生成される画像は、模様が若干変わる(主に原点付近)だけで細部の構造は大体同じです。

ギャラリー
以下、関連画像集です。

IFS版マンデルブロ集合の、-0.16+1.03i付近の拡大図です。
普通のマンデルブロ集合だと飛び地のある場所ですが、この画像でもそれっぽい形が見えます。

先程のコードの、
n=f(0,0,(float)a/500.0-2.0,(float)b/500.0-2.0,25);この部分を、
n=f((float)a/500.0-2.0,(float)b/500.0-2.0,0.25,0,25);このように書き換えることでISF版ジュリア集合を描画できます。

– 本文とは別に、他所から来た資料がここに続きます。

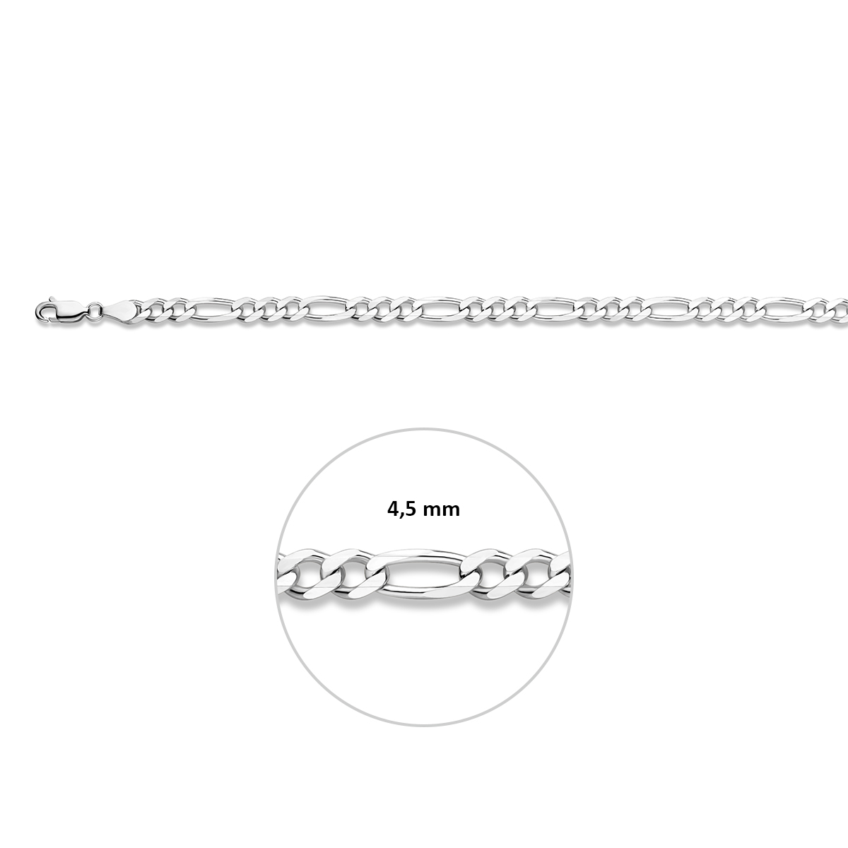 Zilveren lengte artikel met figaro schakel. De schakelbreedte is 4.5mm.
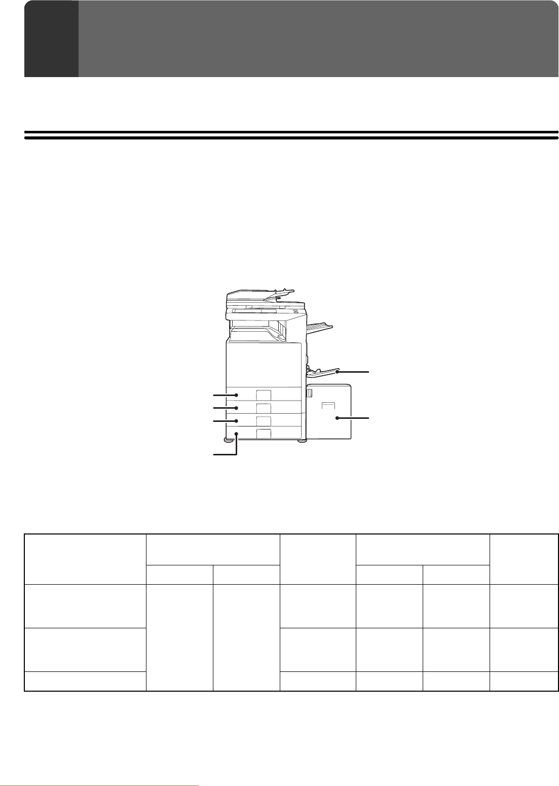 The explanations in this manual assume that a stand/2 x 500 sheet paper drawer and large capacity tray are installed.
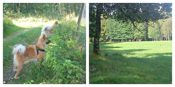 Då var promenaden avklarad och rundan gick idag runt hjorthägnet och genom bokskogen ”Kronan”. Det var varmare ute än vad jag trodde innan vi gav oss av så både jag och tjejerna blev rejält varma. Vi fick se hela flocken med hjortar lite på avstånd och det är spännande tycker tjejerna 🙂
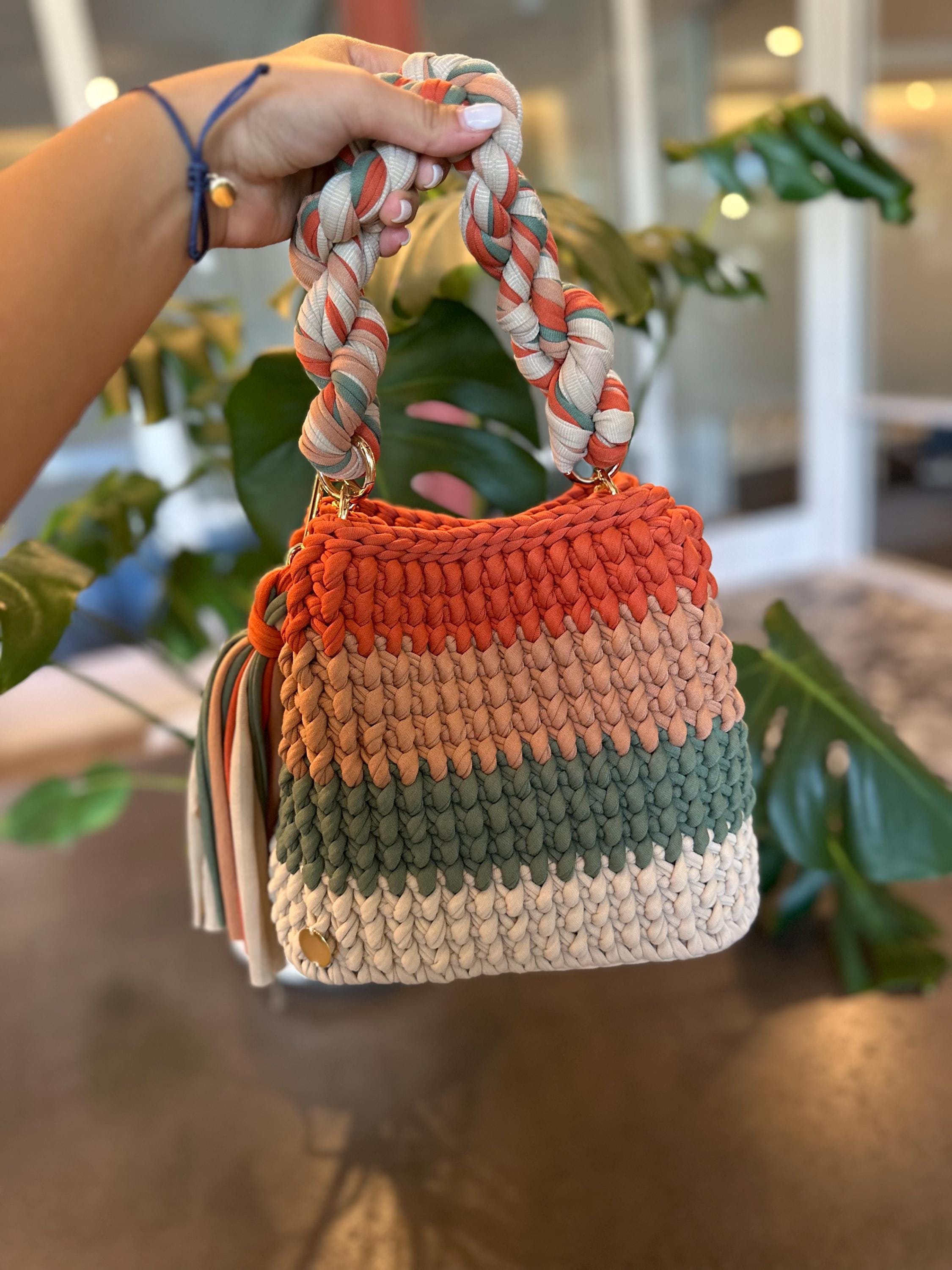 Come in 4 colors: Carrot Orange Pale 🌿 Handmade Crochet Bag – Earth Tone Boho Chic Purse with Twisted Handle
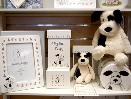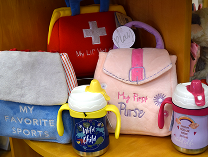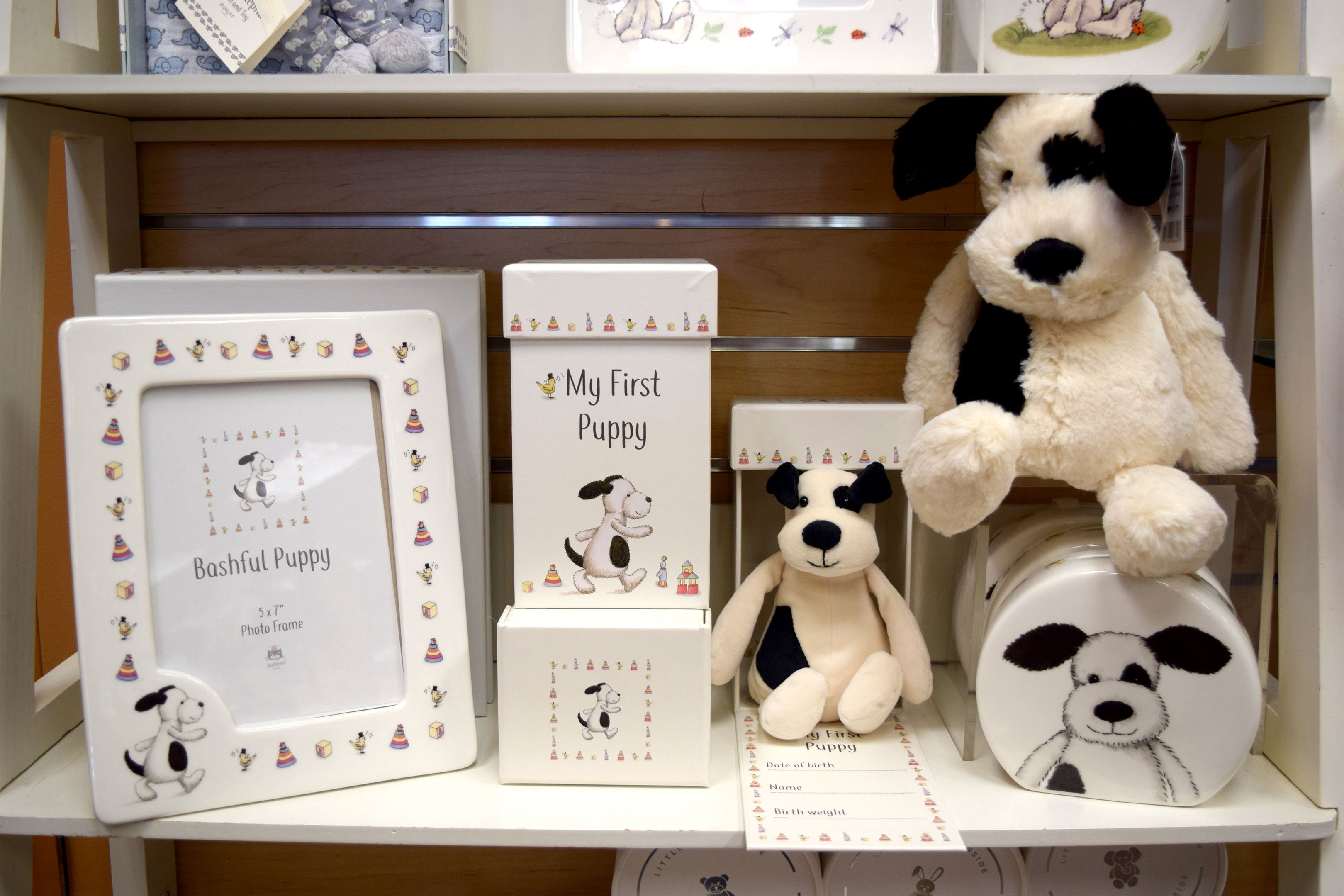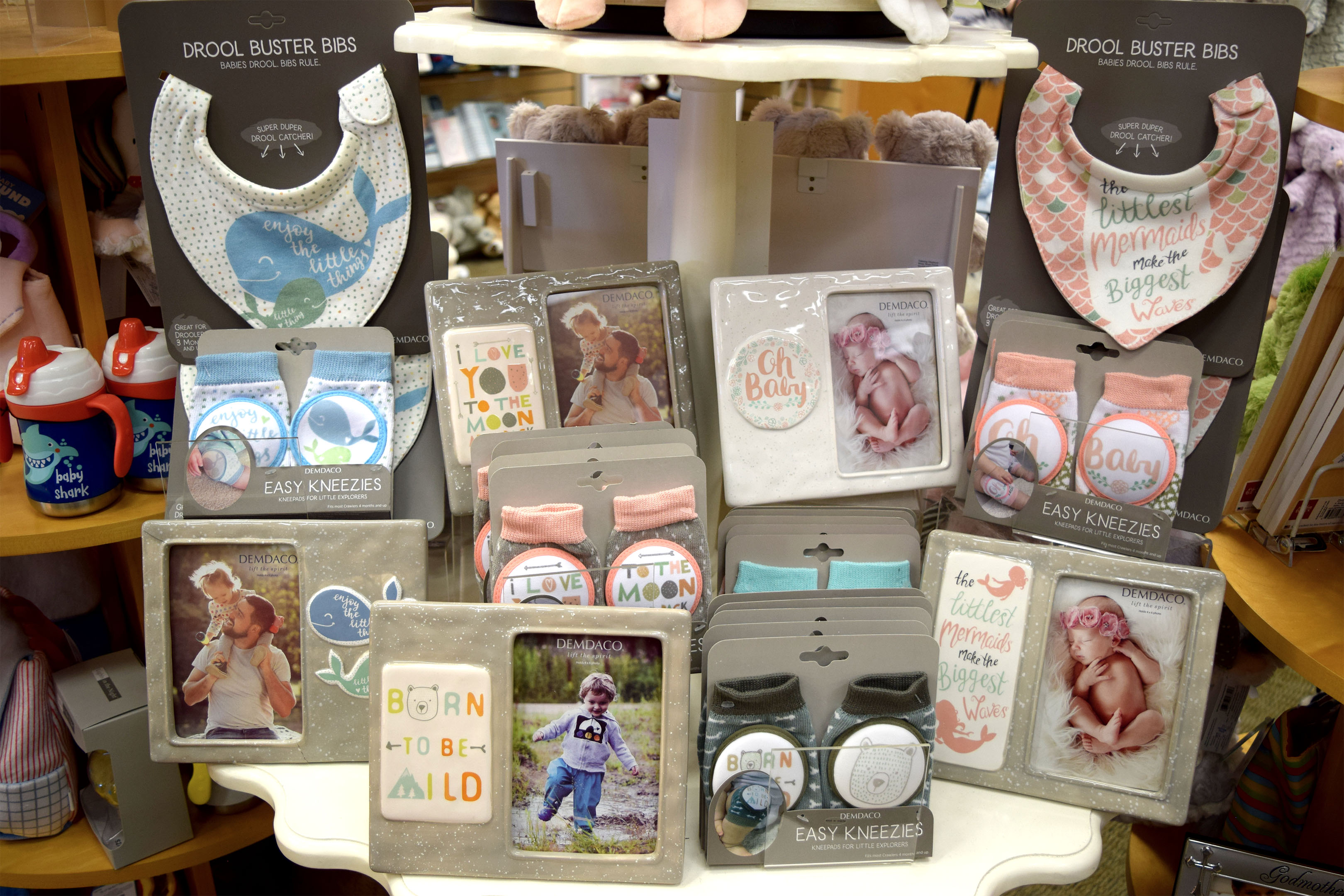 Once a beautiful new baby comes into our life we all want to celebrate. Whether it’s a new parent, grandparent, niece or nephew, maybe even your best friend or neighbor, we want to buy something sweet, and special or cute and cuddly. Shop our Baby Department to find all of these things. We have picture frames, and baby books, rattles and puppets. The softest plush and little onesies, baby banks and little enamel boxes for your first tooth and curl. Come see all the wonderful things we have for that newest edition to anyone's family.
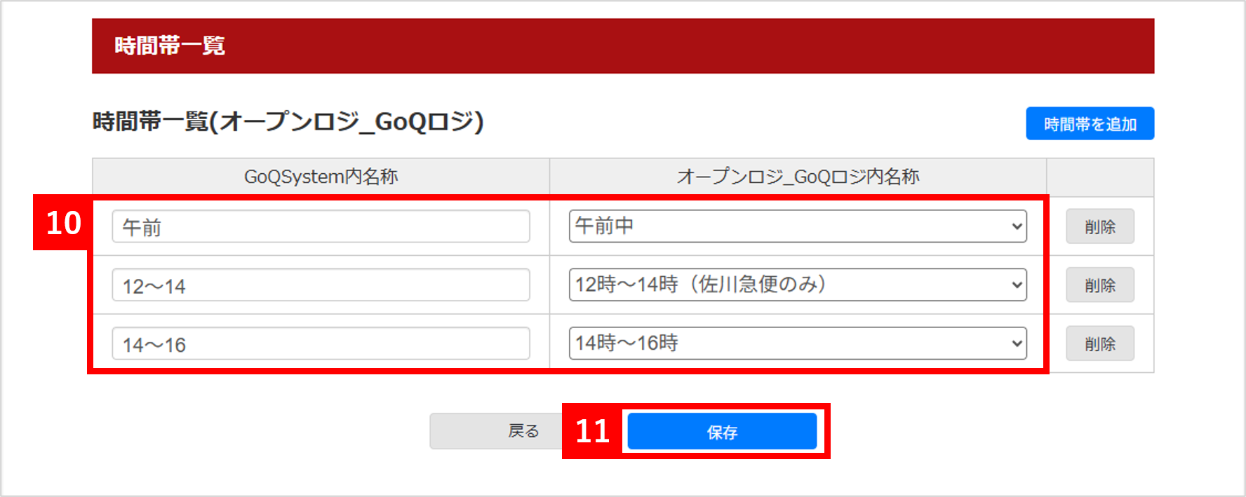【10】「GoQSystem内名称」に時間帯を入力し、「オープンロジ_GoQロジ内名称」と一致するように

IFS版ジュリア集合は普通のジュリア集合と似た形になるようですが、枝分かれ等の細かい特徴は反映されないこともあるようです。



$${z^3+c}$$も、普通のマンデルブロ集合・ジュリア集合と同じように描画できるようです。
なお、どんな関数でもescape time algorithmと同様に描画できるわけではなく、例えば$${\frac{c}{z^2-1}+1}$$とかは$${2z}$$との組み合わせだと上手くいかないようです。




1次関数の係数を大きくすると、何故か内側と外側の2層に分離するようです。


$${z^2+c,2z}$$の場合と違い、$${z^2+c,4z}$$の組み合わせだとジュリア集合は通常の形に近くなるようです。

トリコーンのIFS版です。
元のトリコーンでは何もなかった中央部分の周りにもギザギザした模様ができています。


バーニングシップ・フラクタルのIFSバージョンです。

「マンデルブロ集合とIFSを組み合わせる」という事を思いついてから、最初に試したパターンがこれです。
$${z^2+c,2z}$$とと比べるとあまりマンデルブロ集合っぽくないです。